Фрачник дернул за шнур и в дверях вырос брат-близнец Гумбольдта — более ухоженный и менее загорелый, но почти неотличимый от последнего, если не придираться к мелочам.
— Унеси, — тихо скомандовал хозяин.
Через мгновение столик был пуст, как тарелка в бедняцком доме.
— Все же, Скокк или не Скокк… Эти ребята герои, так ведь? — продолжал четвертый, ковыряя что-то в каминной пасти длинным чугунным стержнем.
— На это можно смотреть и так, — весомо подтвердил хозяин.
— Тогда, Влобс… Ты ведь понимаешь, о чем я?
По скучающему лицу фрачника невозможно было сказать наверняка. Вместо ответа он зевнул, повертел в пальцах рюмку, а затем поставил ее и потянулся за графином.
— Он ведь уже стар, очень стар? — продолжил четвертый.
Хозяин поперхнулся коньяком.
— Не вишу нишего плохого в стариках, — просипел «нищий» на табурете. — Окромя одышки… — на секунду повисла тишина. — Ты прав, однако. Пусть кукленыш попотеет на благо общества. Он, слыхал, пошти эльф к тому жа.

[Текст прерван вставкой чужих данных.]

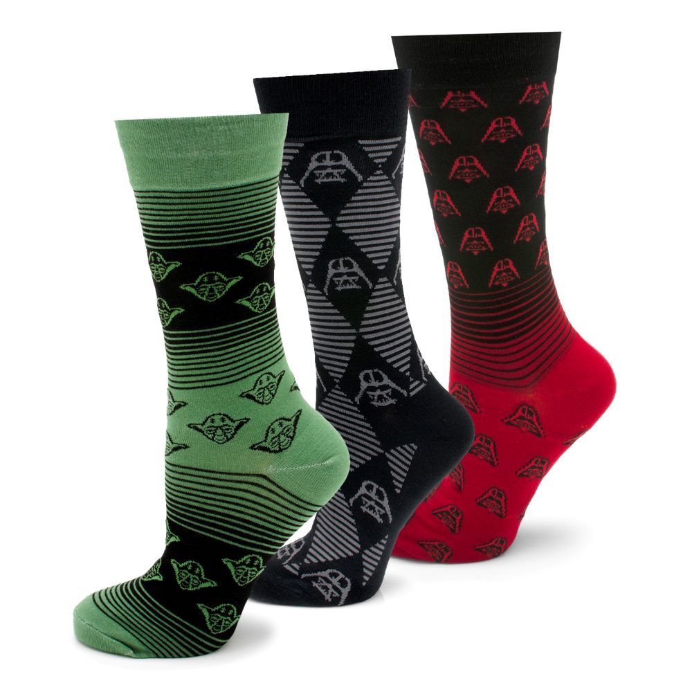 Each pack contains a green Yoda pair, a red Darth Vader pair, and a black Darth Vader pair, all with striped details and comfortable heel and toe reinforcements. Our socks offer both comfort and breathability for all day wear thanks to the soft cotton blend.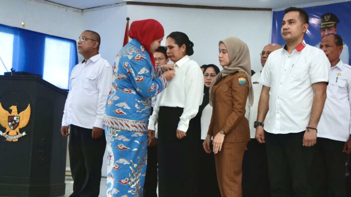 Prosesi pelantikan Pengurus Dekranasda Kabupaten Seram Bagian Barat masa bakti 2026–2030, yang berlangsung di Gedung Hatutelu, Piru, Senin (13/4/2026).

«Нищий» порылся в бездонном кармане пиджака. На ковер упало несколько замызганных бумажек и носовой платок в чудовищном состоянии. В пальцах старика оказался колокольчик, на звон которого в комнате появился дюжий молодец в живописных и очень недешевых лохмотьях. Бережно подобрав мусор, он водворил его обратно в карман патрона, взял табурет и стоявшую рядом миску для подаяний, украшенную рубином. Оба, не прощаясь, выволоклись вон. В кабинете осталось трое.
— Можно ли считать наш вопрос решенным? — выдохнул совсем уж безнадежным тоном четвертый (ставший теперь третьим).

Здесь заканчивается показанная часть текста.